Even though a clear and unambiguous congruence between the CP and Rep phylogenies was not apparent, PcSmV6-ZM09-72, CcSmV5-ZM09-83, CcSmV4-ZM09-95, and CcSmV6-ZM09-96 were clustered together in both CP and Rep trees, forming their own group (Figs 3 and 4) suggesting that they likely shared a common ancestor. PcSmV3-ZM09-51, PcSmV3-ZM09-74, and PkSmV3-ZM09-76 also consistently clustered together with porcine stool associated circular virus 1 (DP2, KJ577810) throughout the CP and Rep trees (Figs 3 and 4). In contrast, PkSmV1-ZM09-64 clustered together with CcSmV1-ZM09-86, CcSmV1-ZM09-96, human feces smacovirus 2 (SmaCV2, KT600068) and chimpanzee stool associated circular ssDNA virus (DP152, GQ351272) in the CP phylogeny (Fig. 3), whereas PkSmV1-ZM09-64 was located outside of the cluster formed by these smacoviruses in the Rep tree and was most closely related to a previously described bovine smacovirus (Fec59973, KT862223) and more distantly related to human and avian smacoviruses (Fig. 4). This phylogenetic incongruence revealed that the CP ORFs of PkSmV1-ZM09-64, CcSmV1-ZM09-86 and CcSmV1-ZM09-96 were derived from a common ancestor; however, the ancestor of the Rep gene of PkSmV1-ZM09-64 was different from that of CcSmV1-ZM09-86 and CcSmV1-ZM09-96. These findings suggested the possibility of recombination event(s) that may account for the discordant phylogenies. In addition, PcSmV2-ZM09-71 did not cluster with other ZM-SmVs throughout the constructed trees (Figs 2, 3 and 4). Taken together, these results indicated that all ZM-SmVs discovered in the study have distinct evolutionary histories and PkSmV1-ZM09-64 may have arisen from recombination.
Recombination analysis of smacovirus genomes
Detection of the phylogenetic incongruence between the CP and Rep phylogenies prompted us to investigate whether potential recombination sites existed in the ZM-SmV genomes. This recombination analysis revealed a region with multiple recombination breakpoints (i.e. a recombination hot spot) adjacent to the 3′-end of the Rep ORF (Fig. 5), which, interestingly, has also been inferred by another study13. These results corroborate prior studies indicating that smacoviruses increase their genetic diversity through recombination events. Two cold spots, where a recombination event is less likely to occur, were observed at the 5′-end of the CP ORF and the 3′-end of the Rep ORF. The presence of these cold spots implies functional conservation which is noteworthy in viruses as diverse as the ssDNA smacoviruses and suggests importance for these regions in the viral life cycle.
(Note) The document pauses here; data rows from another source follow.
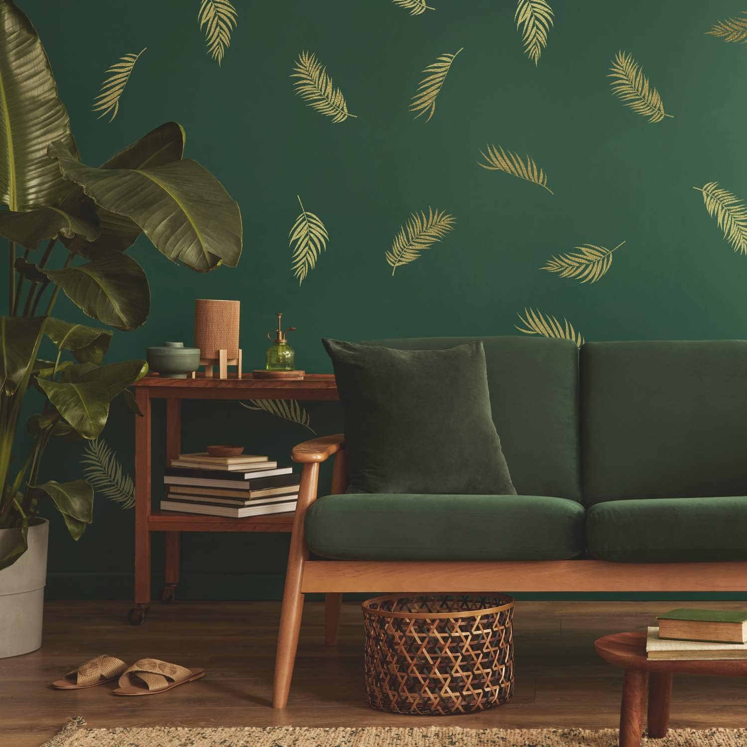Perfect for living rooms, bedrooms, offices, or bathrooms, these wall decals blend seamlessly with any style. Their no-residue removal feature means you can take them down anytime with ease, leaving your walls untouched and pristine. Add a warm, natural element to your home with these stunning gold palm frond wall designs.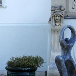 Úgy érzem, most valami változott a Kőrössy-villa intézménye működésében, példa erre az Apáti Abt Sándor alkotásának kiállítása úgy, hogy nem csak kivételezett vendégek, hanem bárki szabadon megtekinthette, bár csak rövid ideig... utána már zárt kiállításon. Ott is voltam, csodáltam. De ha már bejutottam és a Zsolnay-kötődésű szobrot fotóztam, néhány további szobor fotózására is engedélyt kaptam.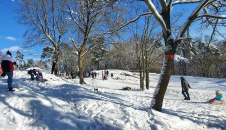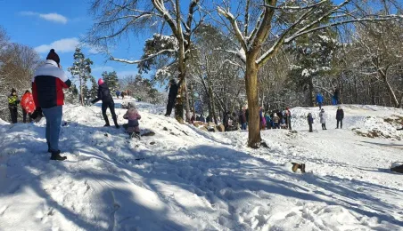 Prawdziwie bajkowa zimowa aura zapanowała w lasku na toruńskiej Skarpie, w rejonie Fortu I. Po obfitych opadach śniegu 4-5 lutego 2023 r. wielu torunian wybrało się tam na spacery, a spędzające ferie w mieście dzieci - na sanki i narty. Fot. Małgorzata Litwin

In the present study, sub-genomic fragments of CRESS DNA virus were initially detected in the faeces of NHPs in Zambia by metagenomic analysis. The complete genomes of eleven CRESS DNA viruses were then subsequently recovered by inverse PCR in 20% of faecal samples indicative of a high prevalence in Zambian NHPs. Although, a single CRESS DNA virus was found in nine individuals, two were found in a single Zambian malbrouck suggestive of a co-infection event (Table 1), a necessary precondition for viral recombination and emergence of new strains. Based on the genome-wide pairwise sequence identity analysis and degree of sequence divergence, these newly identified viruses could be tentatively classified as novel smacovirus species and await formal classification by the ICTV6. ZM-SmVs from both malbroucks and baboons formed distinct clusters within the genus Porprismacovirus on the phylogenetic trees, suggesting that they evolved from different ancestral progenitors further exemplifying the extent of the viral diversity.
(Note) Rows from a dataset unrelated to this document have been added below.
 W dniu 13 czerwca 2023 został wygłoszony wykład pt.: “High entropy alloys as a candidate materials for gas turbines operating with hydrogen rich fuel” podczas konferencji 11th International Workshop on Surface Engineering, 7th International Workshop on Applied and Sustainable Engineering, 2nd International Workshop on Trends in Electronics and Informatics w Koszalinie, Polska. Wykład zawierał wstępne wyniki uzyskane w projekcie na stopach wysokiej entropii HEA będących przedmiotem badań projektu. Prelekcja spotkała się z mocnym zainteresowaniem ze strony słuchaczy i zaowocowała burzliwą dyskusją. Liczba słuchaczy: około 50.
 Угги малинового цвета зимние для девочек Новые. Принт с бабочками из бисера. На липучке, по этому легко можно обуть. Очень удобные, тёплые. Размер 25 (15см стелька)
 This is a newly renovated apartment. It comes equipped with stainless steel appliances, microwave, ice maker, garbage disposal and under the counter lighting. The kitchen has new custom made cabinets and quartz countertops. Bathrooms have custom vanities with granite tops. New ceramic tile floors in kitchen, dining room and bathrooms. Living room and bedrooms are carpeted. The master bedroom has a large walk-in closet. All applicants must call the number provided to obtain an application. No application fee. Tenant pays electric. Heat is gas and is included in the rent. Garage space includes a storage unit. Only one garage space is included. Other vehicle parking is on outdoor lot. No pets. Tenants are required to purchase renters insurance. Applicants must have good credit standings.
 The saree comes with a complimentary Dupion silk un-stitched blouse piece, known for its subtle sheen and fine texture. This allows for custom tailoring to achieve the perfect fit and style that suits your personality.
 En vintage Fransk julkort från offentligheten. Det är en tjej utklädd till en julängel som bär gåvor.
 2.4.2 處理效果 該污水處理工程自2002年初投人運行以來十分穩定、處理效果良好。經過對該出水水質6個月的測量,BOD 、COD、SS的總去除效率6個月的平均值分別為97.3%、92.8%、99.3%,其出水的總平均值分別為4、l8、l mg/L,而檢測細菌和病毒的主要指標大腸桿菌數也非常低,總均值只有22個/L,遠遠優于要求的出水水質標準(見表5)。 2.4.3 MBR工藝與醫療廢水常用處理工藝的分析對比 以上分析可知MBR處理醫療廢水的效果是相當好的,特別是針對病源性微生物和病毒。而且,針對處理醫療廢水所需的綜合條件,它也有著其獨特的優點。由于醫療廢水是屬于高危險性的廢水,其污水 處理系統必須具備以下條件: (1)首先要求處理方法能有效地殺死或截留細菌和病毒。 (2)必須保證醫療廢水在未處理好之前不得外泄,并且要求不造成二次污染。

Despite the high prevalence in Zambian NHPs, the detected ZM-SmVs showed phylogenetic divergence and there was no evidence for spread of specific ZM-SmV strains in the species of monkey and baboon NHPs we studied, which raises the question whether ZM-SmVs infect and transmit among NHPs and potentially also other species. Detection of these viruses in the NHP faecal matter suggests at least two distinct hypotheses with respect to their origin. First is that they might productively infect the NHPs; however, smacoviruses have not been identified in animal tissues6. Second is that they may represent ssDNA viruses ultimately derived from plants, insects or mammals, which comprise the NHP diet or from a resident microorganism of the NHP gut11,13,20,21. Indeed, a recent study has described high sequence similarities between smacoviral genomes and spacer sequences of a faecal archaeon, Candidatus Methanomassiliicoccus intestinalis, indicating a tropism of smacoviruses for archaea22. To date, and in common with a growing number of ssDNA and other uncultured viruses, isolates of infectious smacoviruses have not been reported. Taken together, the precise origins of the ZM-SmVs reported here remain to be established and further studies including attempts at isolation of smacoviruses are needed to characterize smacovirus infection in detail.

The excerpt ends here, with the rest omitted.